In the last 30 years how do you see the industry has changed? How has your company adapted to these changes?

The most obvious change is the dominant role that China plays in global trade compared with around 30 years ago. Everything from equipment manufacture, design of vessels, shipbuilding, ship operating, and the trading of vessels is dominated by China's economy and its demand for raw materials and export of finished products.

Lloyd's Register has adapted to these changes by scaling up its operations in China, particularly in the period between 2006 to 2012 when our local team grew from 200 colleagues to around 900. I had the pleasure of leading the LR’s business in China during that time and it is always rewarding for me to come back and meet all my friends both clients and colleagues who I worked together with during those very dynamic years in China's maritime economy.

What major shifts have you seen in the last 30 years in terms of government policy which has either helped or hindered your business?

China’s government plans for the long term while in other parts of the world, government policy can stray into short-term decision making. One of the great benefits of Chinese policymaking is its focus a five-year horizon as well as beyond. An example is the way that the shipbuilding industry was controlled during the boom period of 2007-2008. The shipping industry could have found itself in a much more difficult situation if many more shipyards had entering shipbuilding then were actually permitted. The market has since adjusted, and growth rates are more sustainable. The adjustment was less painful than it could have been due to the long term government policy.

Has internet technology and in particular ecommerce and IOT (internet of things) affected your company?

As world's oldest classification society, Lloyd’s Register has focused for 259 years and for 150 years in China on the safety of ships - not just on the assets, but the environment where those ships operate and the people onboard. Developments around digitalization and improved connectivity of systems onboard ships and between ship and shore offer some fantastic benefits to enhance safety at sea as well the environmental protection of assets whether fixed offshore assets or oceangoing vessels. Technology also offers significant opportunity for reducing the environmental footprint of international trade and shipping and also the safety and welfare of people on board.

How has your company had to evolve in terms of product offering in order to adjust to the changes in the industry?
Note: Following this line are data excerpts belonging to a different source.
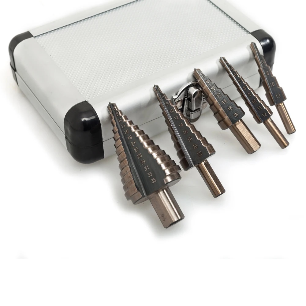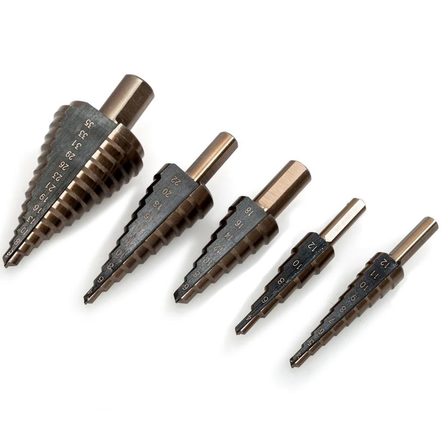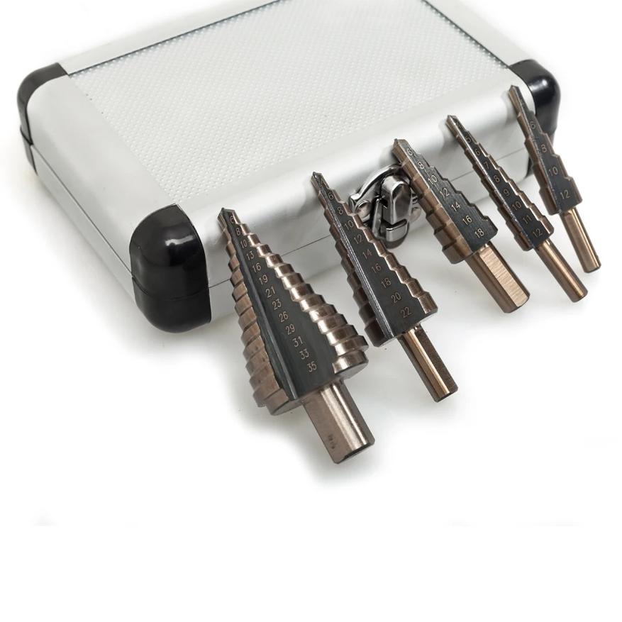 В этой подборке 10 наборов ступенчатых сверл с прямой канавкой. Их конструкция немного отличается от привычных винтовых: прямая канавка не закручивается по спирали, а идёт строго вдоль оси. Они меньше вибрируют, аккуратнее режут тонкий металл и не рвут кромку. Подобные сверла часто используют в монтажных работах, при установке электрооборудования, в кузовном ремонте и при сборке металлических конструкций.
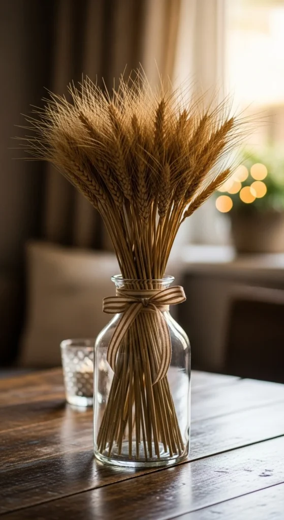 You can buy wheat bundles cheaply or reuse ones from past seasons. If the wheat spreads out too much, secure the base with a small rubber band before placing it in the vase. This keeps the shape tidy.
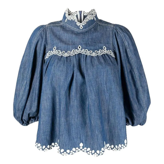 ZIMMERMANN NWT Laurel scallop denim embroidery blouse, SIZE AU 2 (MEDIUM)
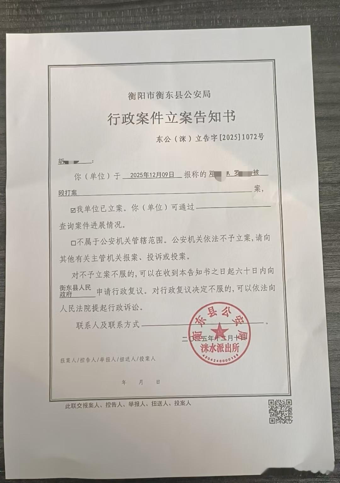 最新进展这案子已经进入了警察那边的程序。衡东县公安局洣水派出所2023年12月10号出了份《行政立案告知书》,就是关于小邓、小罗两个人被打的事,办案还在继续推进着呢。
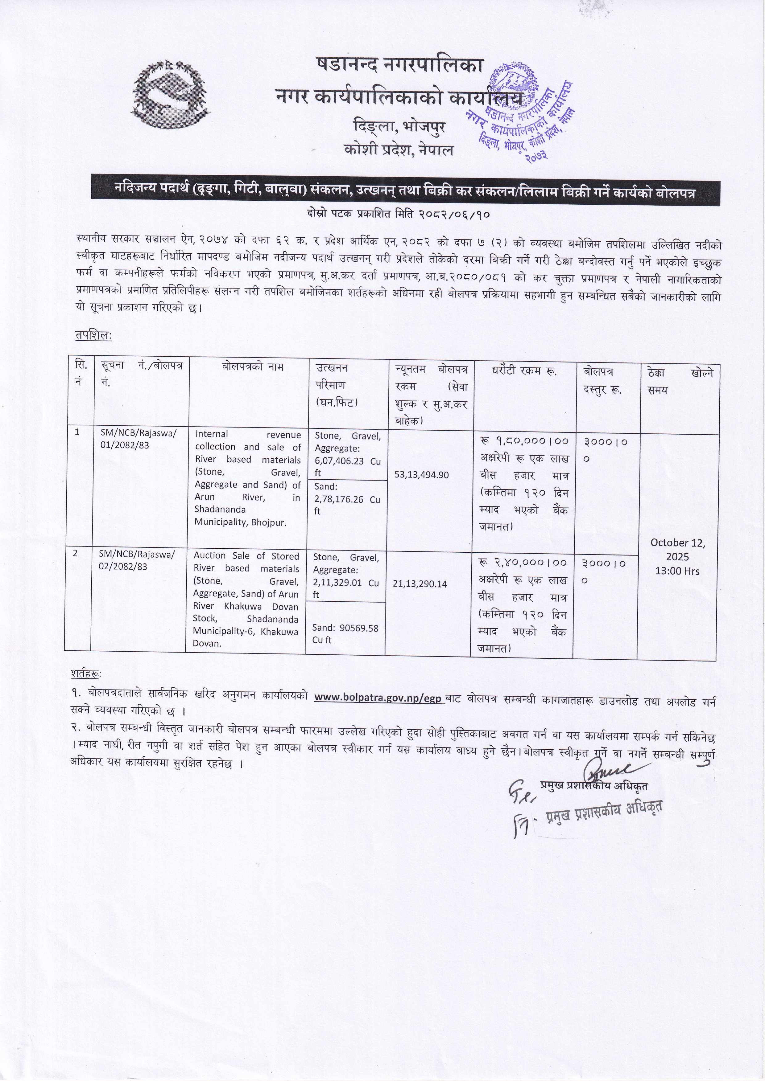 » नदिजन्य पदार्थ (ढुङ्गा, गिटी, बालुवा) संकलन, उत्खनन् तथा बिक्री कर संकलन/लिलाम बिक्री गर्ने कार्यको बोलपत्र सम्बन्धी दोस्रो पटकको सूचना !!!
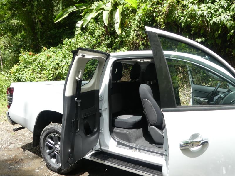 Un bon point : la position de conduite, agréable, et le confort offert par les sièges avants, redessinés par rapport à la génération précédente, et qui offrent un bon maintien (un point important sur les pistes cahoteuses que nous avons emprunté !). Accessibles via des portes à ouverture antagoniste, les places arrières sont à réserver à une utilisation occasionnelle, avec un espace réduit, et des dossiers trop verticaux. Un défaut commun aux autres pickup à cabine simple approfondie, et qui fait qu’il ne faut considérer ce L200 Club Cabine que comme un 2 + 2.
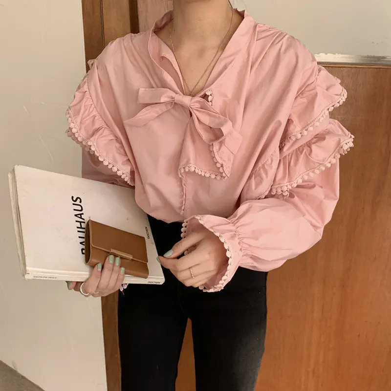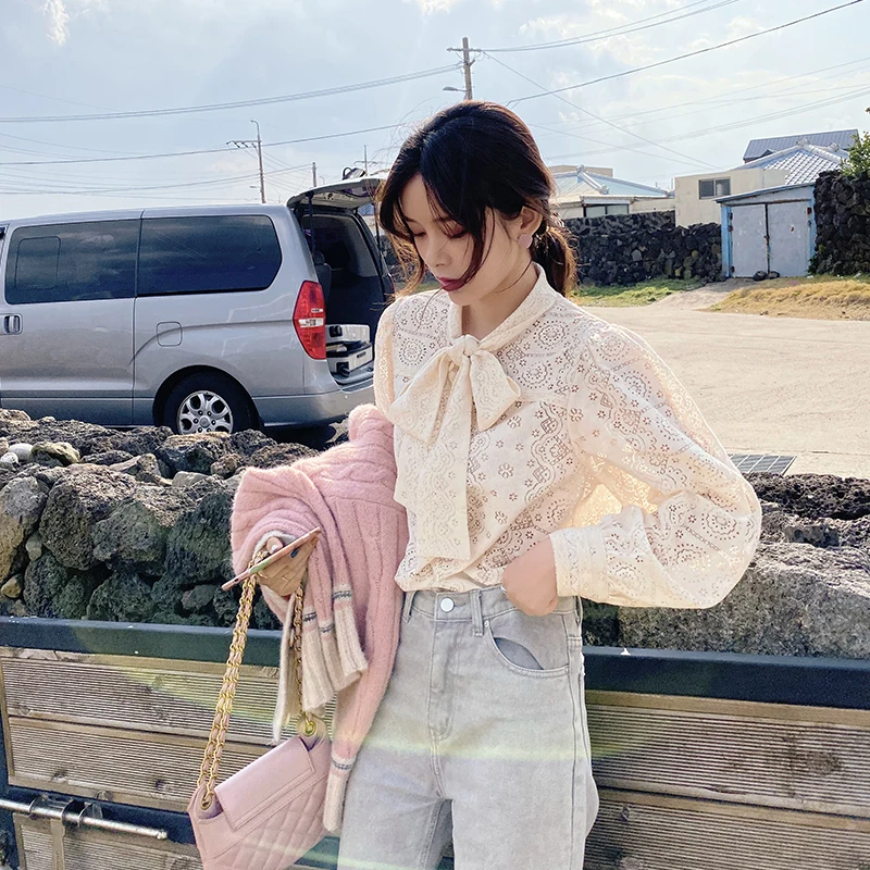 MISHOW Женская кружевная блузка с бантом на весну и лето, Повседневная Свободная Милая Кружевная рубашка, топы MX19D4105
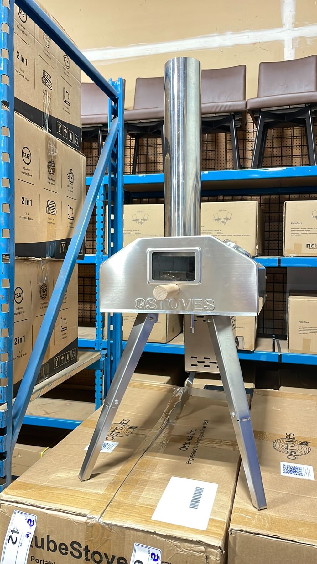QUBESTOVE 2 IN 1 STAINLESS STEEL 12.6" PROPANE PORTABLE OUTDOOR PIZZA OVEN & STOVE FULLY INSULATED WITH FOLDABLE/DETACHABLE LEGS, REACHES 538 DEGREES CELSIUS IN 10 MINS INCLUDES 12.6" ROTATING PIZZA STONE & HOSE *IN BOX*
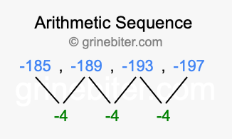 So, what type of sequence is -185, -189, -193, -197? The sequence -185, -189, -193, -197 has a common difference of -4 between each term. We call this kind of sequence an arithmetic sequence. Below is an image illustrating the correlation between the arithmetic sequence -185, -189, -193, -197 and its common difference of -4.
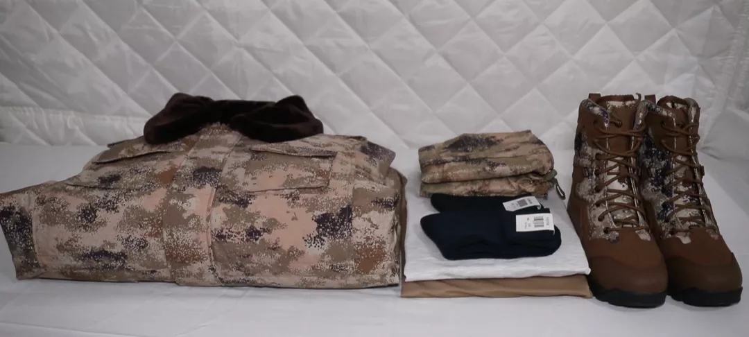 边防巡逻冬作训内衣裤、长袖抗菌内衣裤、毛巾袜、抗菌袜、20式新型羽绒大衣、20式新型轻便防寒靴。可以说从头暖到脚,从里暖到外。
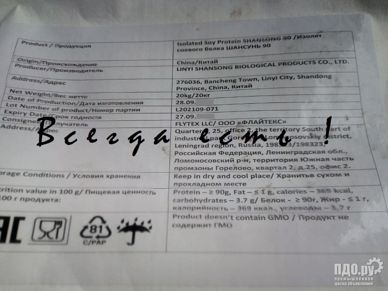 Адрес объявления: https://nizhnii-novgorod.z.bizon.ru/Prodazha/Izolirovannyj-soevyj-belkov-90-protsentov-kitaj_Prodam_10039882.html
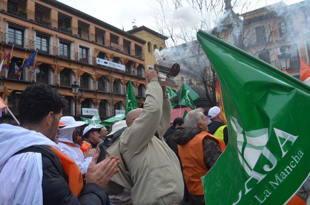 En la céntrica plaza toledana el presidente de Asaja Castilla-La Mancha, José María Fresneda, se dirigió a los agricultores y ganaderos advirtiendo que «el campo no va soportar más. No va tolerar más mentiras, ni con Mercosur, ni con la PAC, ni con los conejos».
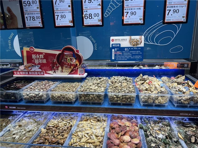在全面提升商品品質(zhì)的同時(shí),門店堅(jiān)定不移地踐行“優(yōu)質(zhì)平價(jià)”的承諾。對(duì)于高頻民生商品,永輝通過(guò)供應(yīng)鏈優(yōu)化確保在同等品質(zhì)下價(jià)格更優(yōu),讓品質(zhì)生活無(wú)需高價(jià)。以江寧寶龍店為例,蔬果區(qū)的霜打白菜售價(jià)0.79元/斤,七寶青0.99元/300g,砂糖橘3.99元/斤,五谷雜糧蛋20枚9.9元,水產(chǎn)區(qū)鮮活淡水鱸魚13.9元/條,鮮活花蛤每斤7.9元。
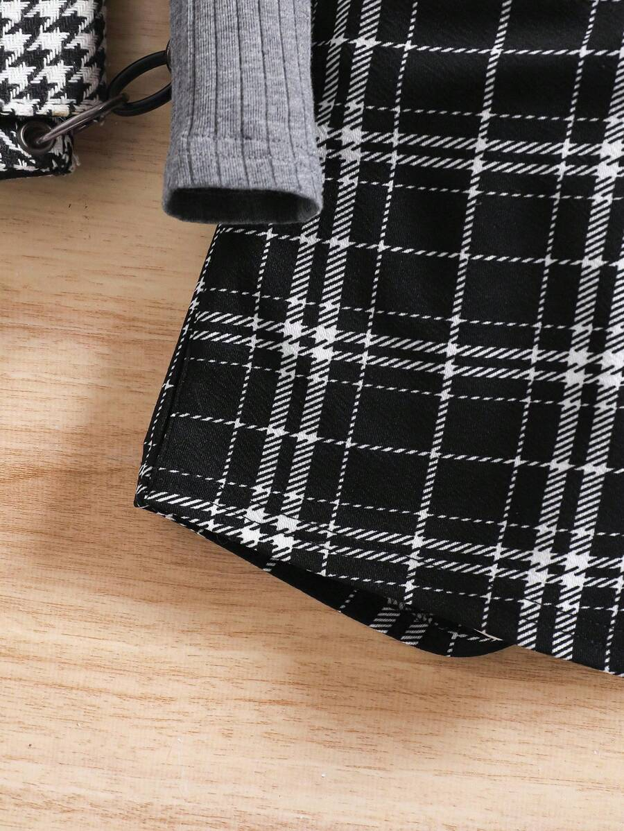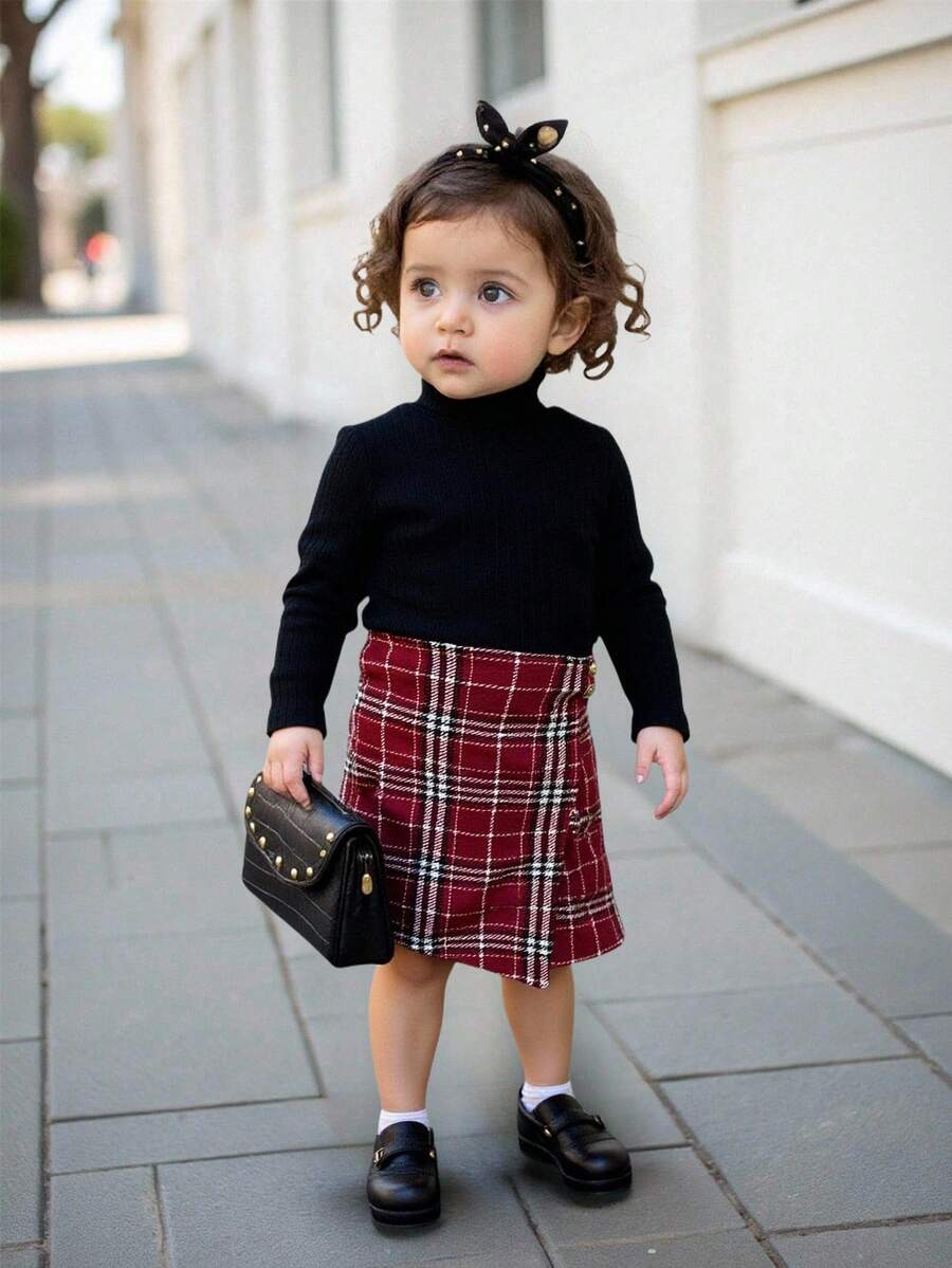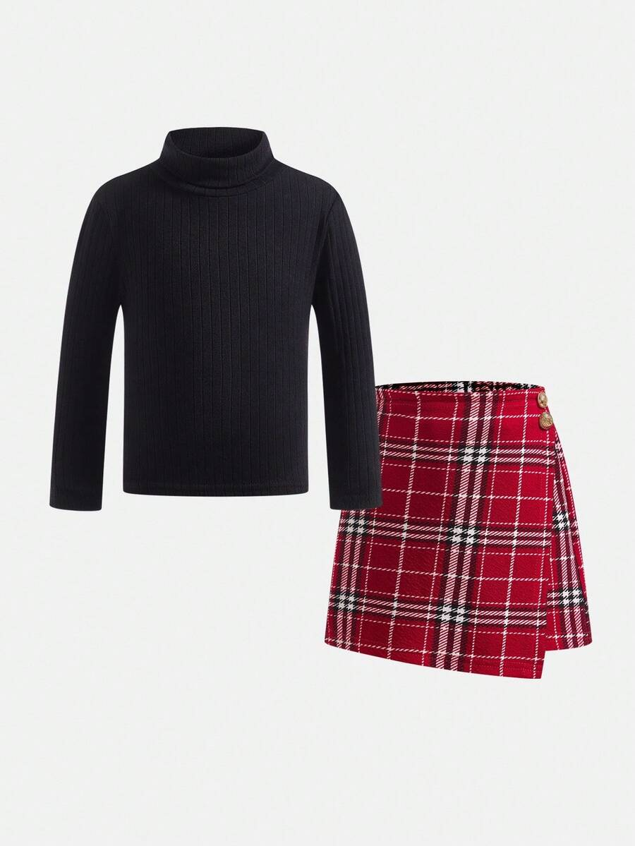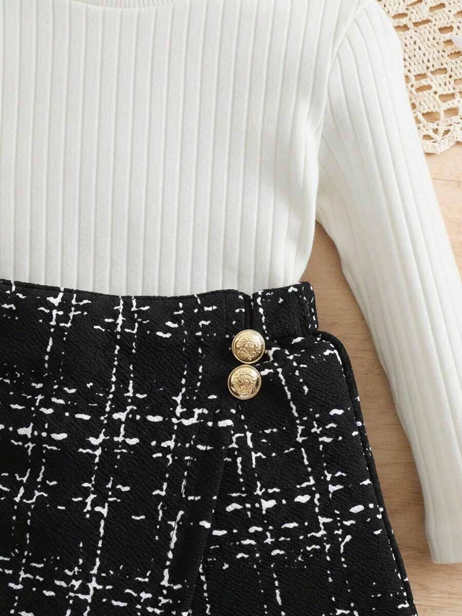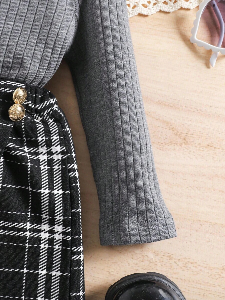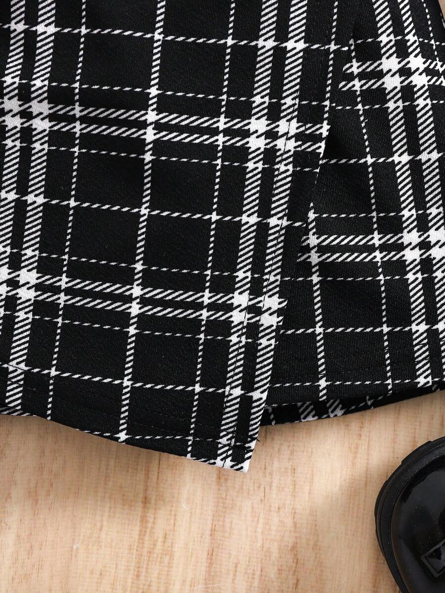 SHEIN 2pcs Baby Girl Knit Black Long Sleeve Shirt And Plaid Elastic Waist Shorts Set, Autumn/Winter WNTD0003

Lloyd’s Register has been using technology to enhance the products and services we offer our clients. We have been working to use data that is collected from sensors on board ships to drive our assurance regime or a classification regime. At present, that regime is time based – the calendar dictates when we must undertake annual surveys and special surveys. I would like that assurance regime to be driven by data that gives us confidence about the condition of the vessel, the way it is operated and the capability of the management company.

"Marintec is a key event in the global maritime calendar and a showcase of innovation, technology and expertise."

Nick Brown

Marine and Offshore Director, Lloyd's Register

Being an exhibitor for over 30 years now at Marintec China, how would you describe your relationship with this event?

Lloyd’s Register is hugely proud of its association with China and 2019 is a particularly special year because we celebrate 150 years since we first located a surveyor to Shanghai. At that time, our surveyors in the country were inspecting assets that had been built in other parts of the world, today of course, that's very different. Our association with vessels built in China began shortly after China's open-door policy in the early 1980s, when the Regent Tampopo was delivered from Dalian Shipyard with LR Class in 1982, and we became the first international classification society to be involved in a modern new construction vessel in China.

What do you get excited most about when returning to Marintec China at each edition?

LR sees China as a country where it is mutually beneficial to share experience and support the sustainable and safe growth of the maritime industry. I spent seven years of my career living in Shanghai and supporting the industry, it's always a pleasure to come back and see industry friends and learn about the latest opportunities and challenges.

There is always a risk that exhibitions could involve the same faces talking about the same things. But with many things in China, the pace of change is faster, particularly if I compare Shanghai to perhaps the West. It doesn't seem that long since we were at Marintec in 2017 when LR was very proud to be playing its role with China's first smart ship, “Great Intelligence”, designed by Shanghai Merchant Ship Design and Research Institute (SDARI) and built at Guangzhou Wenchong Shipyard Co., Ltd (GWS), a subsidiary of China State Shipbuilding Corporation.

I'm very much looking forward to this year’s event and learning more about how the industry is working to address the challenges around decarbonisation and developing credible designs for zero-emission vessels.

How would you describe Marintec China to someone who has never visited?

Marintec is a key event in the global maritime calendar and a showcase of innovation, technology and expertise. It’s worth your time to attend and understand the pace at which the industry is evolving.